> **PROVIDED DATA**
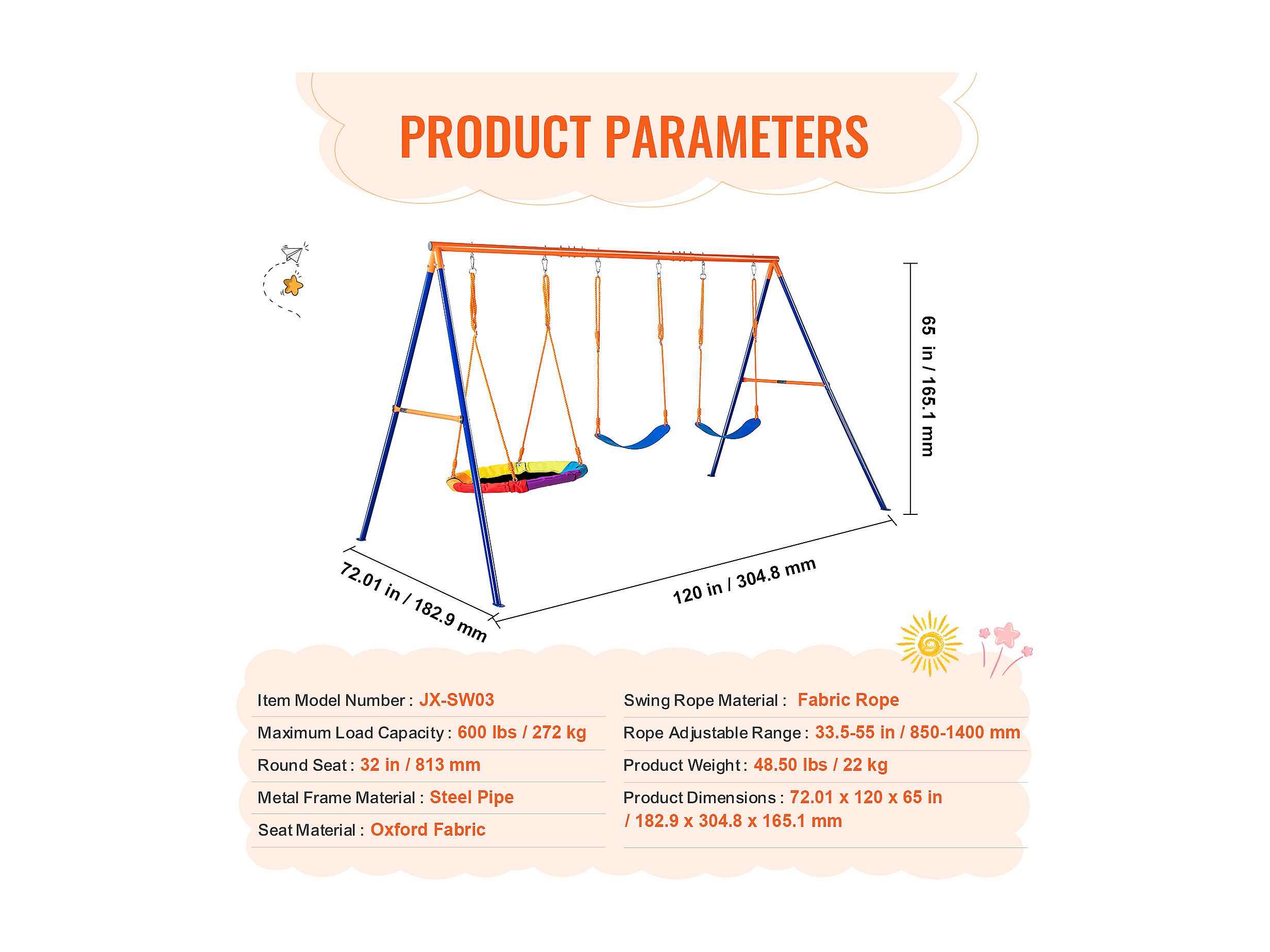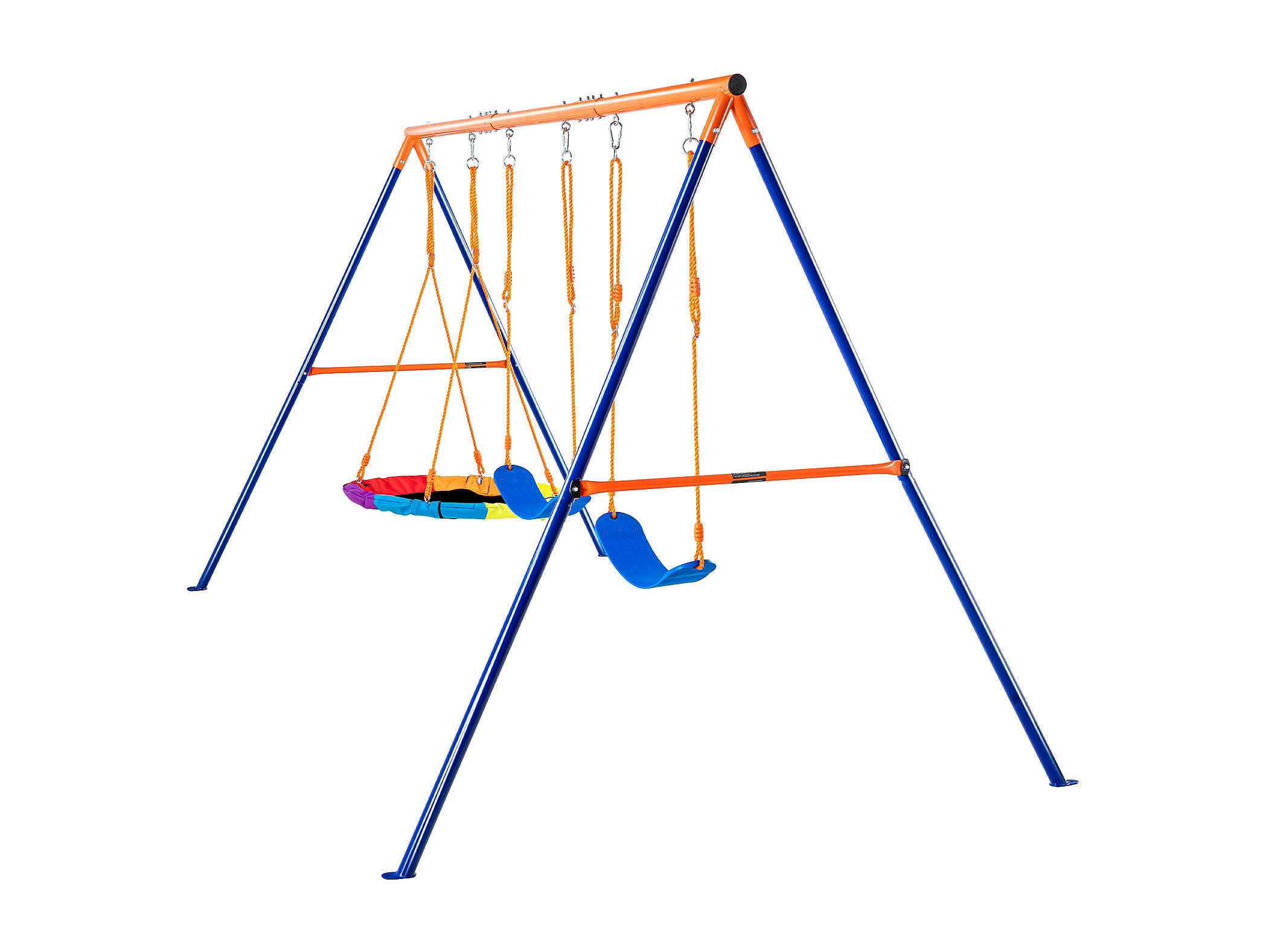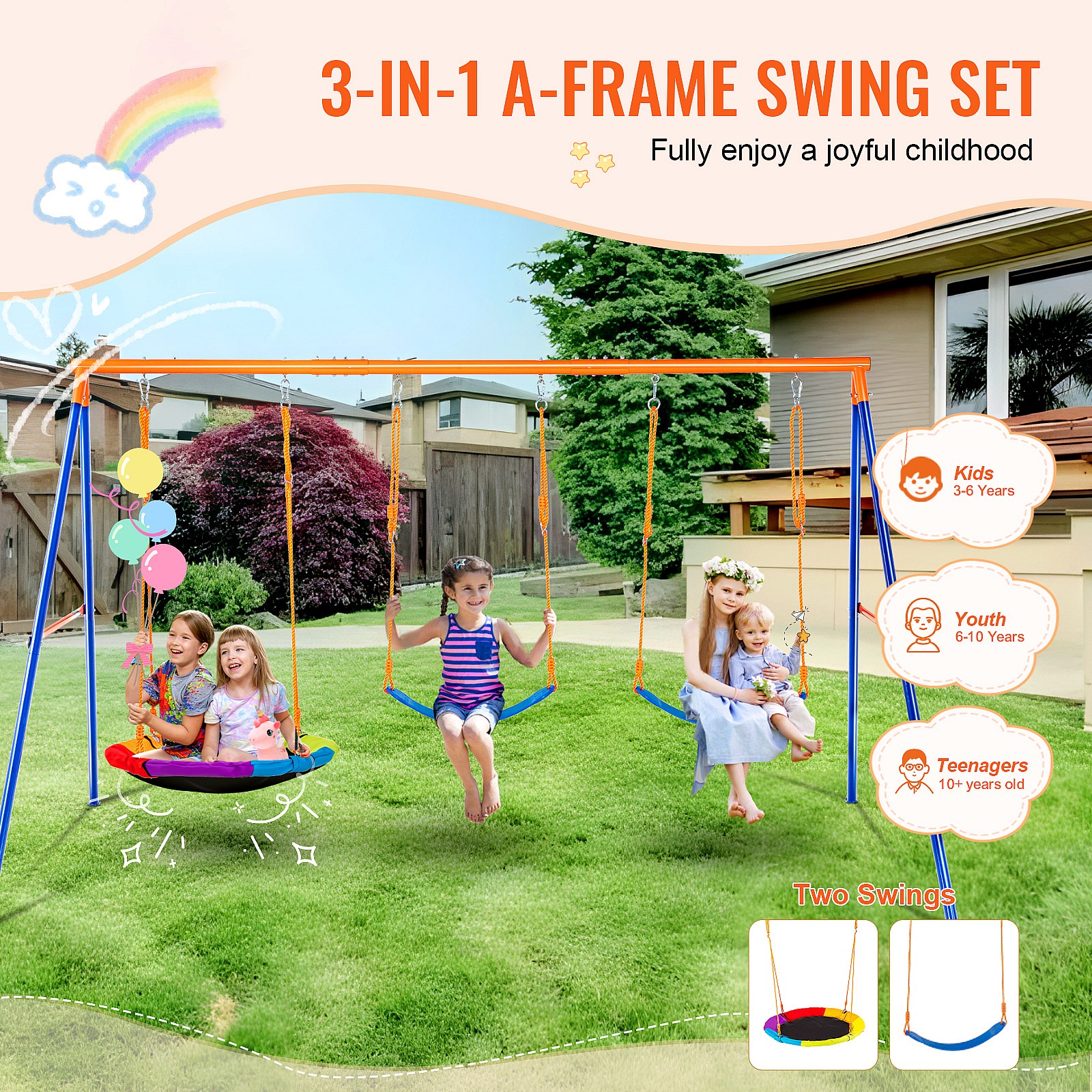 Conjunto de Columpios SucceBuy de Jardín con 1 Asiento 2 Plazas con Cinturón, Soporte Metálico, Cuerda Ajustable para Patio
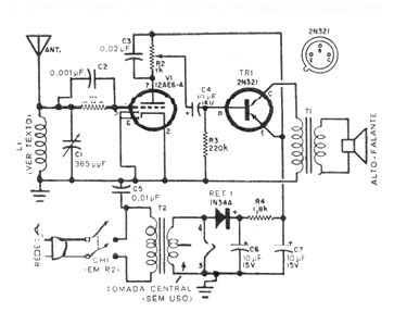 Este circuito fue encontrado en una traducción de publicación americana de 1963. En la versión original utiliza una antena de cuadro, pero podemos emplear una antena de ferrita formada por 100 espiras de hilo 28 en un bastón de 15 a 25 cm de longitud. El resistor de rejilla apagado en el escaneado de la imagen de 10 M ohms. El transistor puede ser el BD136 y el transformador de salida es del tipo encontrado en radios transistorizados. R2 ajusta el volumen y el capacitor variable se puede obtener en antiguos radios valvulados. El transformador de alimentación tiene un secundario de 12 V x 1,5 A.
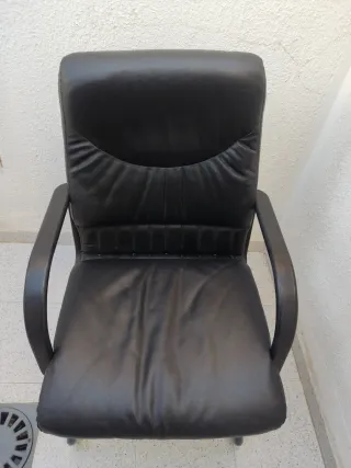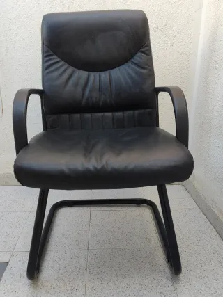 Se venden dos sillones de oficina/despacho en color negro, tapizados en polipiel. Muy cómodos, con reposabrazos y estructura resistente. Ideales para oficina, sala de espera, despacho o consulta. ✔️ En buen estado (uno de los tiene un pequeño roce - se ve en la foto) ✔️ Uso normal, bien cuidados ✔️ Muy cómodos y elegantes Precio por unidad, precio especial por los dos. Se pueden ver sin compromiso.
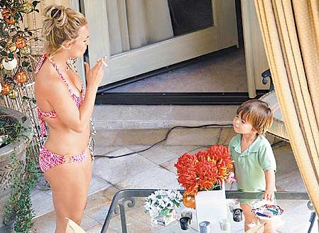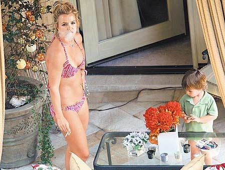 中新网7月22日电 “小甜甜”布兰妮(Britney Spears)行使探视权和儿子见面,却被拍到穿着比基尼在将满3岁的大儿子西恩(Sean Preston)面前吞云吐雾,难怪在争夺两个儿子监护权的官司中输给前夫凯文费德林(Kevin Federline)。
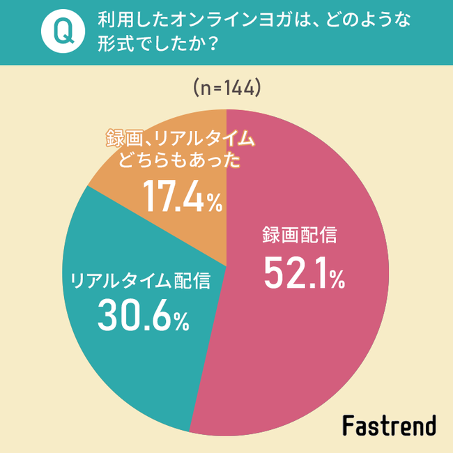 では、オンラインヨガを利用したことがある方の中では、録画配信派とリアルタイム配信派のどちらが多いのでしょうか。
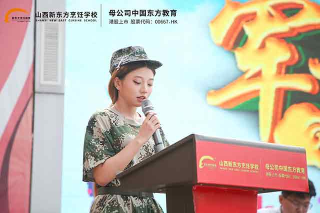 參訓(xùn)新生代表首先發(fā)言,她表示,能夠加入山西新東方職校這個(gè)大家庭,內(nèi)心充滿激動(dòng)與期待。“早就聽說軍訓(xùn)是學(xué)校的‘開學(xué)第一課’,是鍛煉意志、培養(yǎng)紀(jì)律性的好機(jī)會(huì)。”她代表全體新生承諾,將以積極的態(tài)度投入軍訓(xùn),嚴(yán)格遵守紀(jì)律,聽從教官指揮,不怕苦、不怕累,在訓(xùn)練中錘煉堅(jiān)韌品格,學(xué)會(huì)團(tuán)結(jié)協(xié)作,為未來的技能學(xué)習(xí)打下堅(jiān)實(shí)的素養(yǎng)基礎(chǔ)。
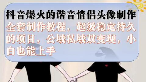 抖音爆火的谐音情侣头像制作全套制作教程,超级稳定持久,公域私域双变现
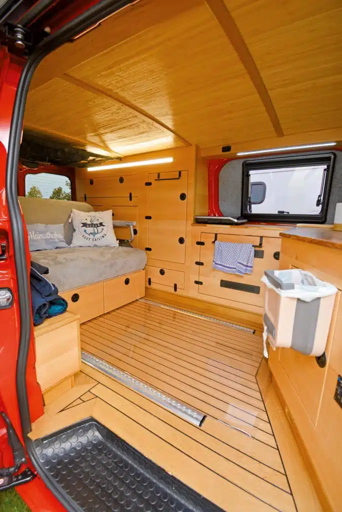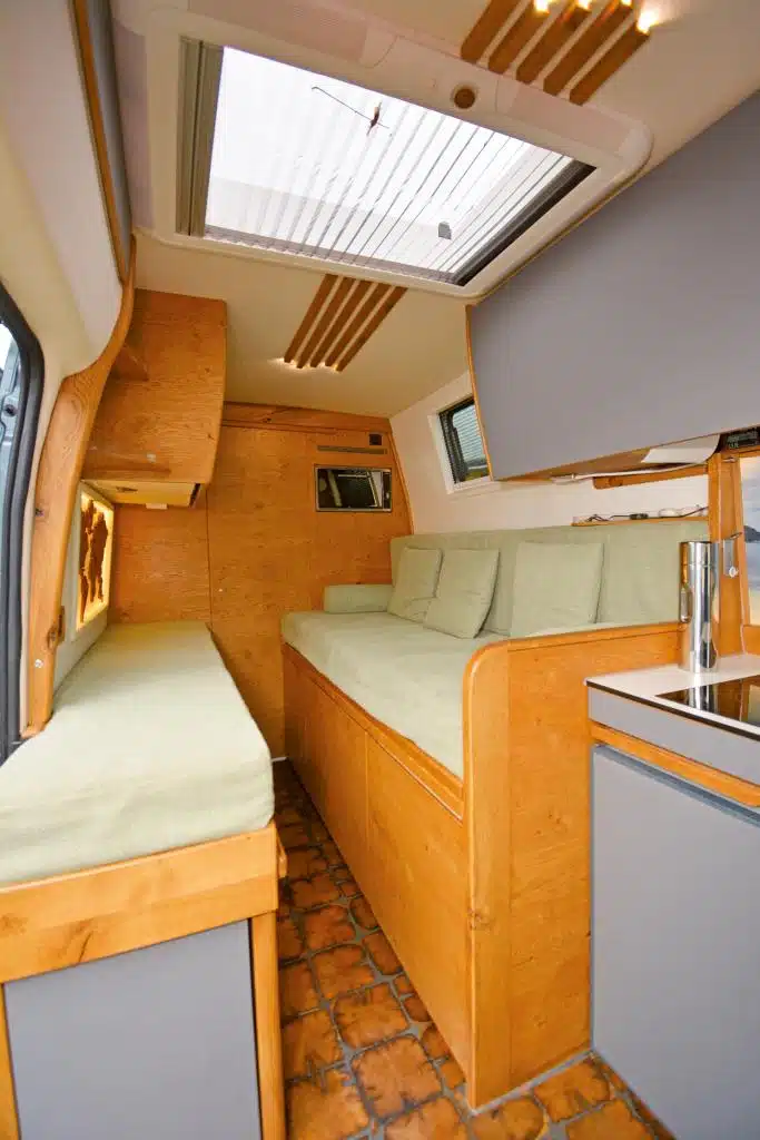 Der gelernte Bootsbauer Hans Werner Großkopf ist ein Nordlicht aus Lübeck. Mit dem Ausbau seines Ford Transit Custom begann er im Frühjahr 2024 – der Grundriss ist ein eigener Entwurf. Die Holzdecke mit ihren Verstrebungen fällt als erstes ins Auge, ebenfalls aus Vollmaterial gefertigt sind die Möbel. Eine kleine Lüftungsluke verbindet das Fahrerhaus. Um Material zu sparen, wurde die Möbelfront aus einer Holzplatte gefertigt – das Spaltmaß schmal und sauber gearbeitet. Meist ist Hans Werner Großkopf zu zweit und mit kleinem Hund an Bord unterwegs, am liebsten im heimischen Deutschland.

> **DESCRIPTION OF THE TASK**
Transcribe, from the records above, the first line and every line after it up to and including the line with "Este circuito fue"; omit pictures.

> **THE ANSWER**
 Conjunto de Columpios SucceBuy de Jardín con 1 Asiento 2 Plazas con Cinturón, Soporte Metálico, Cuerda Ajustable para Patio
 Este circuito fue encontrado en una traducción de publicación americana de 1963. En la versión original utiliza una antena de cuadro, pero podemos emplear una antena de ferrita formada por 100 espiras de hilo 28 en un bastón de 15 a 25 cm de longitud. El resistor de rejilla apagado en el escaneado de la imagen de 10 M ohms. El transistor puede ser el BD136 y el transformador de salida es del tipo encontrado en radios transistorizados. R2 ajusta el volumen y el capacitor variable se puede obtener en antiguos radios valvulados. El transformador de alimentación tiene un secundario de 12 V x 1,5 A.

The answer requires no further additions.